ところが、6時間余り後の午後4時半過ぎに突然、文書の「差し替え」を知らせるメールが届いた。
「憲法は不磨の大典ではなく、改正要件の『3分の2』も含め憲法条文のどこを」と、改正発議の要件を定めた96条が強調されていた。党幹部は「差し替えは北側(一雄副代表)さんが命じた」と打ち明ける。
公明党は96条改正には慎重だ。支持母体の創価学会関係者の間には「96条改正は9条改正に結びつく」との不安が根強い。にもかかわらず、北側氏がわざわざアピール文を差し替えたのは「絶対反対の野党とは違い、議論の余地がある」(党幹部)という姿勢を首相や自民党に示すためだ。
山口那津男代表も27日、「中身によって固く守るべきものと、柔らかくしていいものとがあるかもしれない」と発言。96条改正の後、改正手続きを進められる条文を限定するなどの案にも言及し「(96条改正は)議論が熟していない」との牽制(けんせい)一辺倒から転換した。同時に、党幹部らは政府高官に水面下で接触し「首相サイドに理解を求めている」(党幹部)という。

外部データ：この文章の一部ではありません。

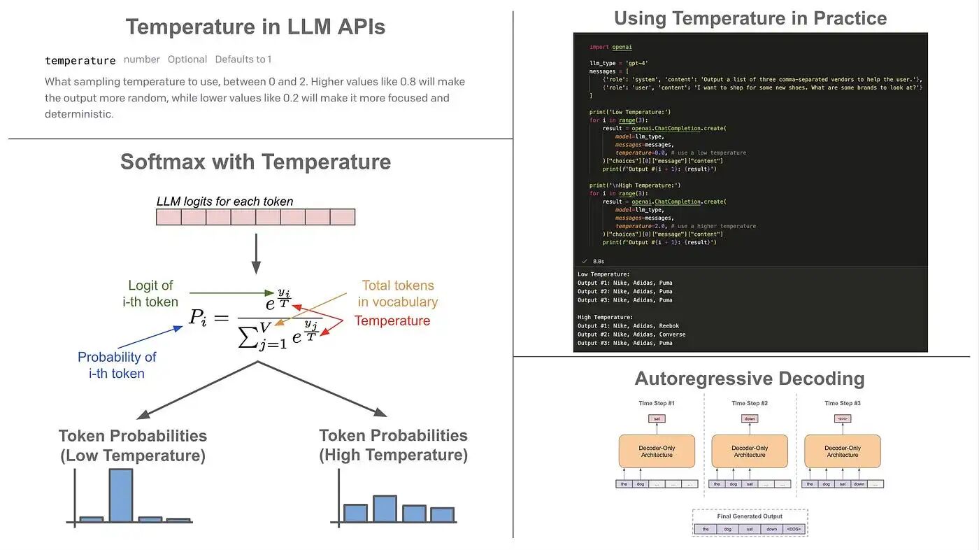 你看,这个大模型不只是知道标准答案,它还理解了语言的细微差别:什么时候用缩写,什么时候用正式表达,甚至知道"饿"的不同程度。这些概率分布包含了模型对语言的深层理解。(2)温度参数(Temperature),控制模型"谦虚"程度的开关如何让模型把这些宝贵的"内心想法"表达出来?这就是温度参数发挥作用的地方。在实际操作中,我们用一个叫"温度"(Temperature)的参数来控制模型输出概率分布的"平滑程度"。

参院選前に公明党と対立したくないのは、参院での多数与党を実現し、国会の「ねじれ」解消をめざす首相も同じ。首相は5月1日、訪問先のサウジアラビアで「(96条改正に)慎重な意見も承知しており、誠意を持って議論を進めたい」と一定の配慮を見せた。ただ、両党の憲法をめぐるスタンスは明らかに異なっており、当面の「休戦」は根本的な解決とはほど遠いのが実情だ。